Elian Morales

Personal information
- Full name: Elian Ariel Morales Traña
- Date of birth: 29 May 2000 (age 25)
- Place of birth: Cuajiniquil, Costa Rica
- Position(s): Left midfielder

Team information
- Current team: Guadalupe
- Number: 22

Youth career
- AD Cuajiniquil
- 0000–2017: CCDR La Cruz
- 2017–2019: LD Alajuelense

Senior career*
- Years: Team / Apps / (Gls)
- 2019–2020: LD Alajuelense / 4 / (0)
- 2020: → AD Rosario (loan)
- 2020–2021: Sporting FC / 27 / (2)
- 2021–2022: Guadalupe / 15 / (0)
- 2022–2023: San José
- 2023–: Guadalupe

= Elian Morales =

Costa Rican footballer (born 2000)

Elian Ariel Morales Traña (born 29 May 2000) is a Costa Rican footballer who plays as a left midfielder for Guadalupe

==Club career==
===LD Alajuelense===
Morales is a product of CCDR La Cruz and
AD Cuajiniquil. He joined LD Alajuelense at the age of 16 in 2017.

In September 2018, Morales and his teammate, Geancarlo Castro, went on a one-month internship with Argentine club Rosario Central.

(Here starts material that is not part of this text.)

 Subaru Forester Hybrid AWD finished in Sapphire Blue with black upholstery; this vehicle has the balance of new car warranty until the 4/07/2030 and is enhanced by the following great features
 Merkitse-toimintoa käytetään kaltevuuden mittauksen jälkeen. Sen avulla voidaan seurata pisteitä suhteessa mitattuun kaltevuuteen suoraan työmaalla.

At the end of December 2018, Morales began training with the clubs first team.

18-year old Morales got his professional debut for the club on 28 February 2019 against C.S. Cartaginés, when he came on as a substitute for Freddy Álvarez in the 91st minute. He made three more appearances for the first team in the following months.

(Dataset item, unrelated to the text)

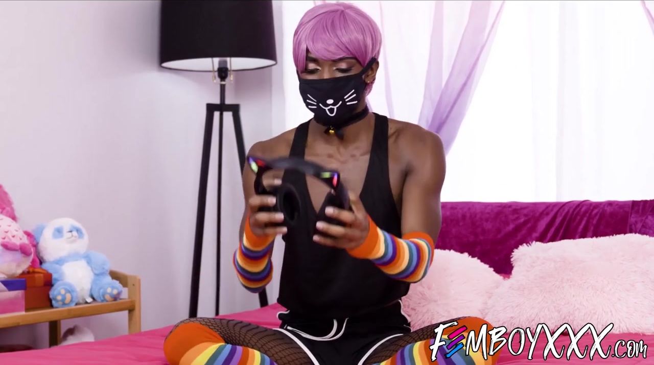 Kai is dressed in nice and jaw-dropping rainbow forearm warmers socks and dark fishnets. She dances passionately to music creating an inviting look for Rick.

In the following season, he made no official appearances and for that reason, he was one out of eight Alajuelense player, who was loaned out to Costa Rican second division club AD Rosario, or Rosario de Naranjo, in January 2020 for the rest of the season.

===Sporting FC===
In July 2020, Morales moved to fellow league club Sporting FC in San José, Costa Rica. Morales made 27 league appearances for the club and scored two goals.

===Later clubs===
One year later, on 11 July 2021, Morales signed with Guadalupe. After a year at Guadalupe, Morales departed and joined Costa Rican second division team San José on 26 July 2022. Ahead of the 2023/24 season, he returned to Guadalupe.